Extracted records

○ ○ ○ ○

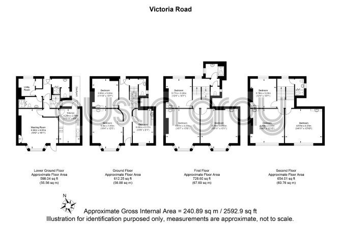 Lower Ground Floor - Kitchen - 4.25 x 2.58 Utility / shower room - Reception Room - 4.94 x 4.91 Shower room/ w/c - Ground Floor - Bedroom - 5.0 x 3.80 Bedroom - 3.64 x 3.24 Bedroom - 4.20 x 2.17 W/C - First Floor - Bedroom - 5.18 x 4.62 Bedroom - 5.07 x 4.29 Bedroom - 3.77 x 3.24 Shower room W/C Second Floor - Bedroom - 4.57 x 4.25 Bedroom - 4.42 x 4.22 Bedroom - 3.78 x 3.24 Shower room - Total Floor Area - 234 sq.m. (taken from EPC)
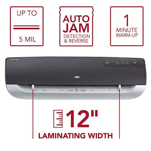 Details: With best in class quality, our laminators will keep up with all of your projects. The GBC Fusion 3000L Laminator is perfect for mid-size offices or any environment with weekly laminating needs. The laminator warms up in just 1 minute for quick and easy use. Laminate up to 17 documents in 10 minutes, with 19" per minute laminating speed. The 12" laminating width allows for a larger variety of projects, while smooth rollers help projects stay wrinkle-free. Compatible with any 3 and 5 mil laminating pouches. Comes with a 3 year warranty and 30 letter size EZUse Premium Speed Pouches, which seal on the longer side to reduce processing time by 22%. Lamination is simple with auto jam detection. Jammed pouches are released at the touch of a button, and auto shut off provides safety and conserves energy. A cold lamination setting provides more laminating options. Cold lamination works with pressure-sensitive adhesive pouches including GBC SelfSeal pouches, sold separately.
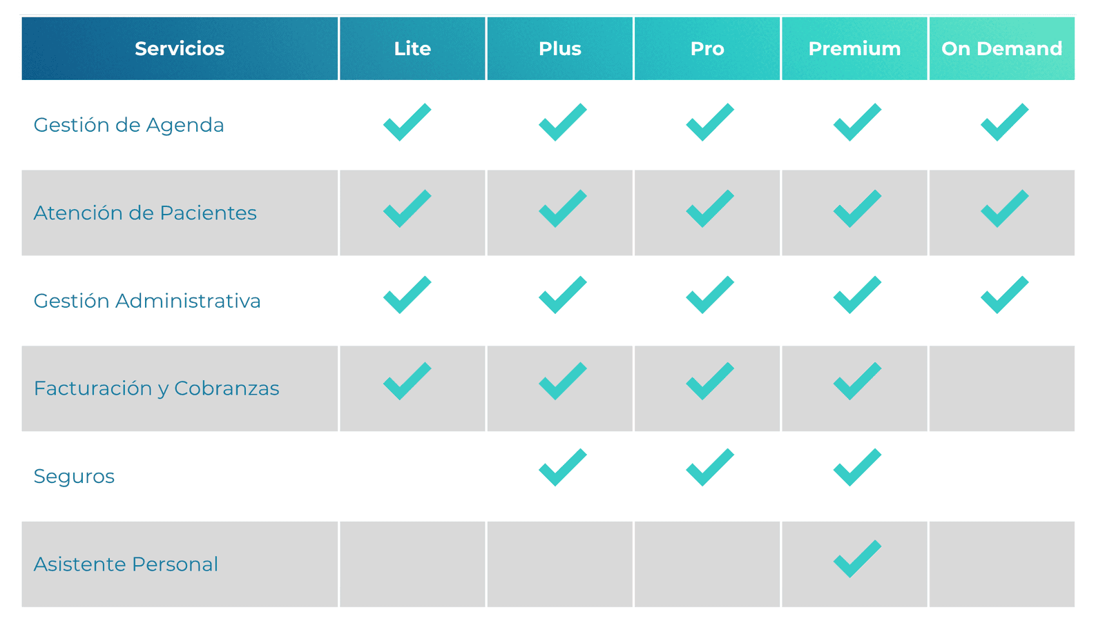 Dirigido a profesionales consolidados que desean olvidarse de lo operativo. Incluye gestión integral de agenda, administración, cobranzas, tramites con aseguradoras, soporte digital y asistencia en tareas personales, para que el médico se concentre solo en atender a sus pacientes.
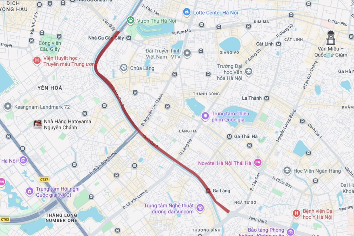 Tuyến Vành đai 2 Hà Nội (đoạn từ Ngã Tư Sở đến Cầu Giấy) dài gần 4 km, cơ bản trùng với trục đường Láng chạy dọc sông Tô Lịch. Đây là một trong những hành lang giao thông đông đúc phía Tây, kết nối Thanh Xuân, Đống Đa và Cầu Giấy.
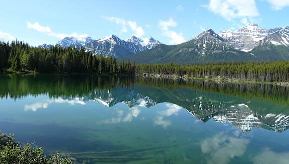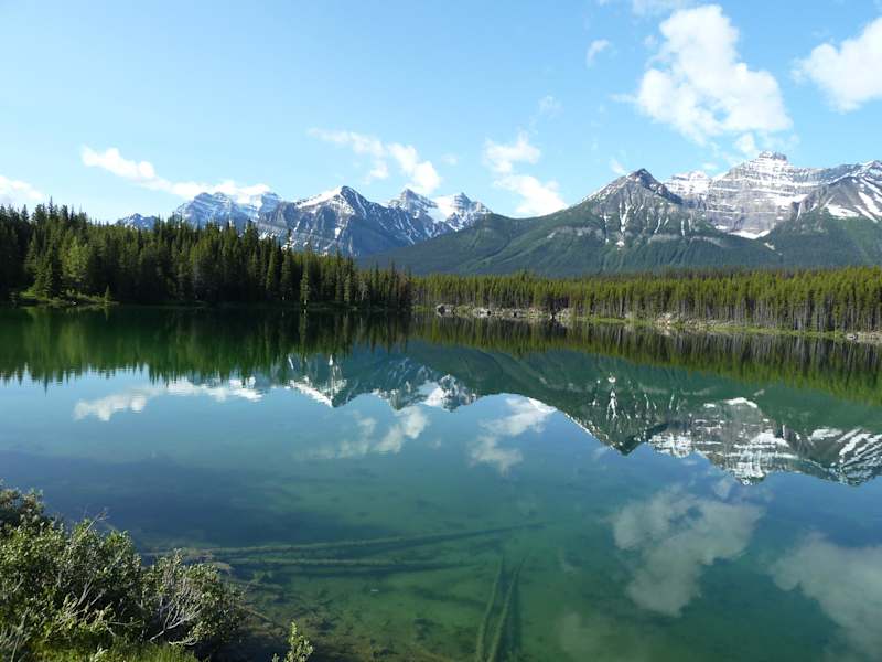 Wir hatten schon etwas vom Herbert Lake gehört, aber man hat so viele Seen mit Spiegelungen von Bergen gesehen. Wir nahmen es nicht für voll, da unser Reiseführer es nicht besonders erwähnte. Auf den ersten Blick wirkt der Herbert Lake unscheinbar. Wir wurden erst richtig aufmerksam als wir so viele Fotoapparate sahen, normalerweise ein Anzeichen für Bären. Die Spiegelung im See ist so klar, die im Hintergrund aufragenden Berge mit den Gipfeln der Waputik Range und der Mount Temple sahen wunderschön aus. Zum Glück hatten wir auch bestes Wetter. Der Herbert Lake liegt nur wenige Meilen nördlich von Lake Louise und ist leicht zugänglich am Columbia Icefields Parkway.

○ ○ ○ ○

Task prompt:
Please repeat the data verbatim and leave the pictures out of your copy.

Response box:
 Lower Ground Floor - Kitchen - 4.25 x 2.58 Utility / shower room - Reception Room - 4.94 x 4.91 Shower room/ w/c - Ground Floor - Bedroom - 5.0 x 3.80 Bedroom - 3.64 x 3.24 Bedroom - 4.20 x 2.17 W/C - First Floor - Bedroom - 5.18 x 4.62 Bedroom - 5.07 x 4.29 Bedroom - 3.77 x 3.24 Shower room W/C Second Floor - Bedroom - 4.57 x 4.25 Bedroom - 4.42 x 4.22 Bedroom - 3.78 x 3.24 Shower room - Total Floor Area - 234 sq.m. (taken from EPC)
 Details: With best in class quality, our laminators will keep up with all of your projects. The GBC Fusion 3000L Laminator is perfect for mid-size offices or any environment with weekly laminating needs. The laminator warms up in just 1 minute for quick and easy use. Laminate up to 17 documents in 10 minutes, with 19" per minute laminating speed. The 12" laminating width allows for a larger variety of projects, while smooth rollers help projects stay wrinkle-free. Compatible with any 3 and 5 mil laminating pouches. Comes with a 3 year warranty and 30 letter size EZUse Premium Speed Pouches, which seal on the longer side to reduce processing time by 22%. Lamination is simple with auto jam detection. Jammed pouches are released at the touch of a button, and auto shut off provides safety and conserves energy. A cold lamination setting provides more laminating options. Cold lamination works with pressure-sensitive adhesive pouches including GBC SelfSeal pouches, sold separately.
 Dirigido a profesionales consolidados que desean olvidarse de lo operativo. Incluye gestión integral de agenda, administración, cobranzas, tramites con aseguradoras, soporte digital y asistencia en tareas personales, para que el médico se concentre solo en atender a sus pacientes.
 Tuyến Vành đai 2 Hà Nội (đoạn từ Ngã Tư Sở đến Cầu Giấy) dài gần 4 km, cơ bản trùng với trục đường Láng chạy dọc sông Tô Lịch. Đây là một trong những hành lang giao thông đông đúc phía Tây, kết nối Thanh Xuân, Đống Đa và Cầu Giấy.
 Wir hatten schon etwas vom Herbert Lake gehört, aber man hat so viele Seen mit Spiegelungen von Bergen gesehen. Wir nahmen es nicht für voll, da unser Reiseführer es nicht besonders erwähnte. Auf den ersten Blick wirkt der Herbert Lake unscheinbar. Wir wurden erst richtig aufmerksam als wir so viele Fotoapparate sahen, normalerweise ein Anzeichen für Bären. Die Spiegelung im See ist so klar, die im Hintergrund aufragenden Berge mit den Gipfeln der Waputik Range und der Mount Temple sahen wunderschön aus. Zum Glück hatten wir auch bestes Wetter. Der Herbert Lake liegt nur wenige Meilen nördlich von Lake Louise und ist leicht zugänglich am Columbia Icefields Parkway.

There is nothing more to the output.